• Aucun résultat trouvé

CHAPITRE 4 : Résultats

4.2 Les défis de la réinsertion sociale

4.2.6 Les défis liés à la vie en maison de transition

4.2.6.2 La cohabitation

Des défis en lien avec la cohabitation dans les centres d’hébergement ressortent des entrevues de sept résidents (7/16). Ce défi se divise en deux thèmes : la cohabitation avec 30 hommes et la cohabitation entre délinquants sexuels et typiques. Ces deux dimensions ont également été relevées par les intervenants, ceux-ci n’ayant amené aucun élément nouveau14.

D’abord, la cohabitation avec une trentaine d’autres hommes pouvait être un défi par moment pour certains (7/16).
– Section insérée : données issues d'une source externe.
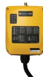
FLEX EX 4/6 RECEIVER

Flex EX receivers were designed with field installation and serviceability in mind. Receivers come prewired with 6' of cable and mounting hardware allowing fast installation. Onboard diagnostic and output LEDs provide system status information useful when installing and troubleshooting. All components are easily accessible and field replaceable. IP66 rated fully sealed receiver enclosures provide you with confidence and protection in the harshest indoor or outdoor environments.

Parmi les explications données à ce sujet, les hommes ont mentionné certains comportements des autres résidents qui s’avèrent des irritants.

Puis là, les gars ici bien là, ça écoute rien que le hockey, fuck les nouvelles. Il y en a qui viennent avec leurs comportements carcéraux puis qui en imposent euh … il y a ça aussi tu sais. (André)

Parmi les autres irritants nommés, il y a la propreté des lieux, les notions d’hygiènes dans la cuisine et le bruit la nuit. Un résident trouvait difficile de vivre avec des personnes malhonnêtes en faisant référence à deux situations de vols et au fait que certains parlent contre les autres. C’est en continuité avec la multitude d’irritants mentionnés que certains trouvaient difficile de partager une chambre avec un autre homme. De plus, cette colocation, tout comme la vie en général dans les maisons de transition, fait en sorte que les résidents ont bien peu d’intimité ou de possibilité de se retrouver seuls, situation qui dérangerait plus particulièrement deux participants.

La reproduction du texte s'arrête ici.